Take Striped Ming, for example — a series of porcelain vases featuring a dynamic play of lines. Deadstock that Tan found in a store, the vases were treated with a resist blasting technique in which their surfaces are first masked with a motif — in this case, stripes — using stickers, then sandblasted with aluminium oxide. While patterns underneath covered areas are preserved, the original glazed segments that were exposed to the treatment are erased, revealing pure, white porcelain beneath. The result: these forgotten objects are given a new lease on life, or, as Tan puts it: ‘the ugly is beautiful, the cheap expensive and trash made into treasure’.

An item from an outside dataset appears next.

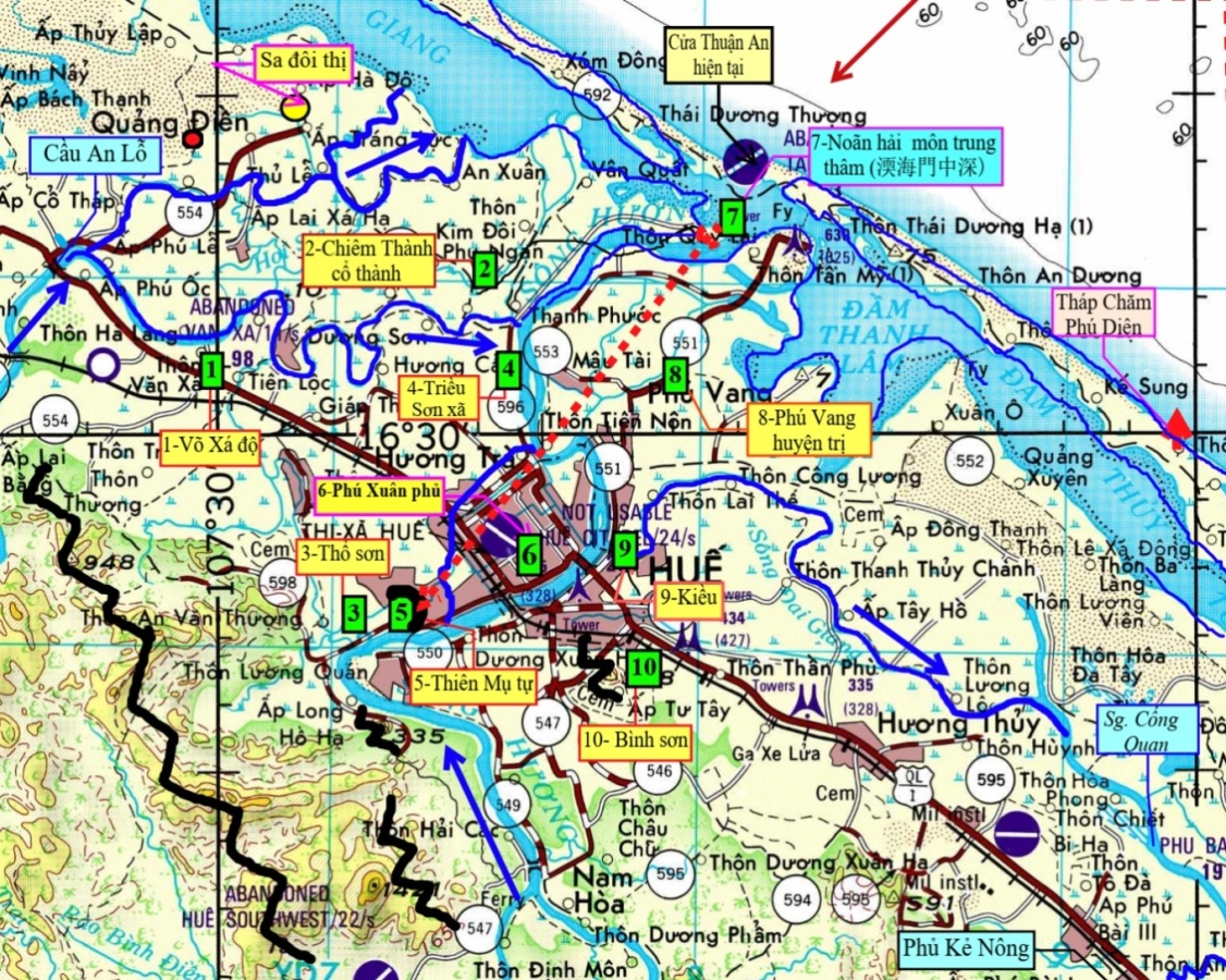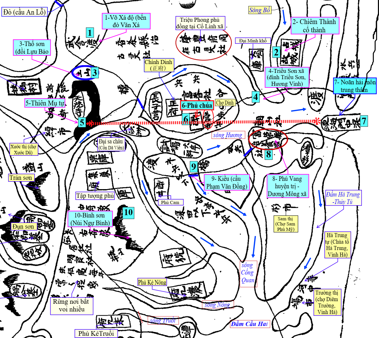 Hình số 01: Trích đoạn khoảng vị các địa danh được lấy làm mốc trên tờ đồ bản 1774 khi định vị đối sánh với địa lý ngày nay. Không gian được xét bao hàm khu vực từ nam phá Tam Giang đến đầm Cầu Hai trong đó kinh đô Phú Xuân/Huế (số 6) là trung tâm. Ghi chú: 1-Võ Xá độ; 2- Chiêm Thành cổ thành; 3- Thổ sơn; 4- Triều Sơn xã; 5- Thiên Mụ tự; 6- Phủ chúa (cung Đại Nội); 7- Noãn hải môn trung thâm (cửa sông Hương); 8- Phú  Vang huyện trị; 9- Kiều (cầu Phạm Văn Đồng); 10- Bình sơn (núi Ngự Bình).

Whereas these objects straddle the categories of art and functional design, many of Tan’s other projects such as Singapore Blue and Vase Porcelain are firmly conceptual. The former, a plain white vase with a pocket containing a blue marker, is inspired by the distinctive colour created by applying cobalt oxide to white porcelain (think Qing Hua Ci and Delft Blue) and is an ode to Singapore.

According to Tan, the ‘resolute’ white porcelain represents the city-state’s impermanence and fluid sense of self, while the user engagement ‘demonstrates the participatory idea of our identity’, exemplified for example in the Your Singapore marketing campaign.

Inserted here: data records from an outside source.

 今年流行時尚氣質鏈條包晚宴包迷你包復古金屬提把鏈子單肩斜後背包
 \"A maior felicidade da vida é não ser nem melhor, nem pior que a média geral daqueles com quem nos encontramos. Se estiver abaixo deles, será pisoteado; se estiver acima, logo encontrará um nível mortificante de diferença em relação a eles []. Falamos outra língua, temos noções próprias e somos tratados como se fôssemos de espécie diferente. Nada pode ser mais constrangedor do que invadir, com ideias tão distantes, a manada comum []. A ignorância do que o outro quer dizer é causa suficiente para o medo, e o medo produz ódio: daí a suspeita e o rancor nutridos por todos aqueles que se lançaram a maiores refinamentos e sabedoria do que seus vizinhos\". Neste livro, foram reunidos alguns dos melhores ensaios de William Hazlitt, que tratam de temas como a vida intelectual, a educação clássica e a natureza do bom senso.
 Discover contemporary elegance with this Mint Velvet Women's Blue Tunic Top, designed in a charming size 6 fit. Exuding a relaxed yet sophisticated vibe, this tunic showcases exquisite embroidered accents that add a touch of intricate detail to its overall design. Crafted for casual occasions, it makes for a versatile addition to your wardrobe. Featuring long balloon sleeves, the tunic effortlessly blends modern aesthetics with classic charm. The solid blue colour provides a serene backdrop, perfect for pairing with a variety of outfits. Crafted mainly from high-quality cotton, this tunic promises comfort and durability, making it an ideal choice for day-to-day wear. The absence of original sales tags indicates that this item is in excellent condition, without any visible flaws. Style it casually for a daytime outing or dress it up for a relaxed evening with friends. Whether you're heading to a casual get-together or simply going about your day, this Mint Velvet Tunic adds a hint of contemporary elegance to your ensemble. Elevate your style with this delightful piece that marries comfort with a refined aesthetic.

Vase Porcelain, on the other hand, is a study in irony. A transparent vessel containing broken pieces of porcelain from water closets, it was inspired by a trip to Japan, during which Tan visited both the ceramicists of Arita and a TOTO manufacturing plant. ‘These two industries, one precise industrial manufacturing and the other impeccable craftsmanship, are fundamentally responding to the same material — porcelain,’ he says. ‘The seeming contrast and subtle similarities were beautiful.’

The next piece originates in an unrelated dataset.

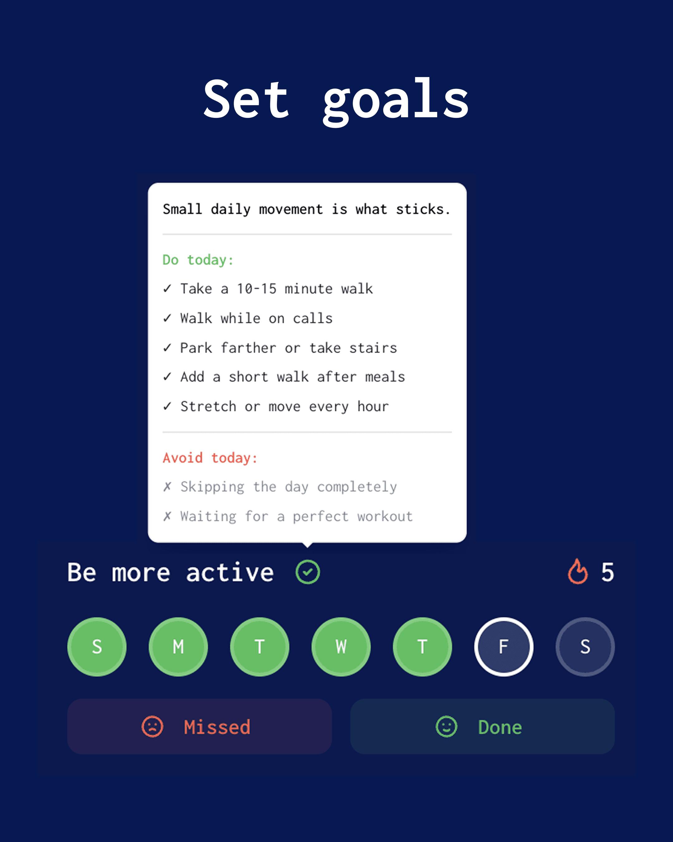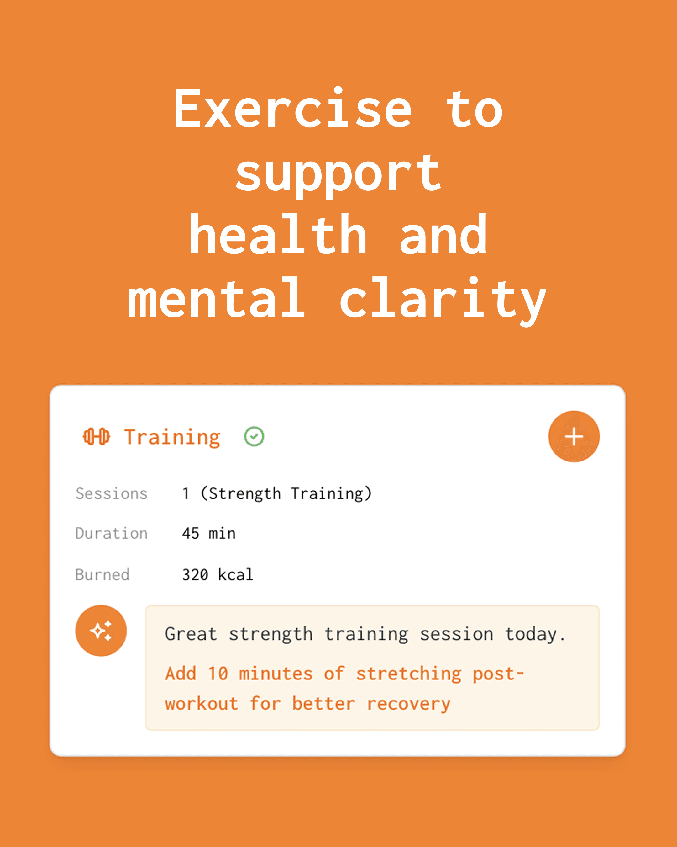 One-minute daily check-ins. Spot patterns between sleep, stress, and productivity that you might miss. If you are feeling down, ask AI Mentor for help.

Through Vase Porcelain, Tan hopes to capture how dramatically our perceptions of the same material can shift. ‘We see porcelain so differently when we look at an immaculately crafted vessel and would pay a lot of money for it, compared to the toilet bowl we use on a daily basis,’ he says.

The image is enigmatic, the message poignant. Tan’s porcelain works are engaging social commentaries that represent issues being keenly explored by the current generation. Communicating his message in a concise, if somewhat unconventional manner,Tan’s designs are as elegantly executed as they are filled with wit, irony and irreverence.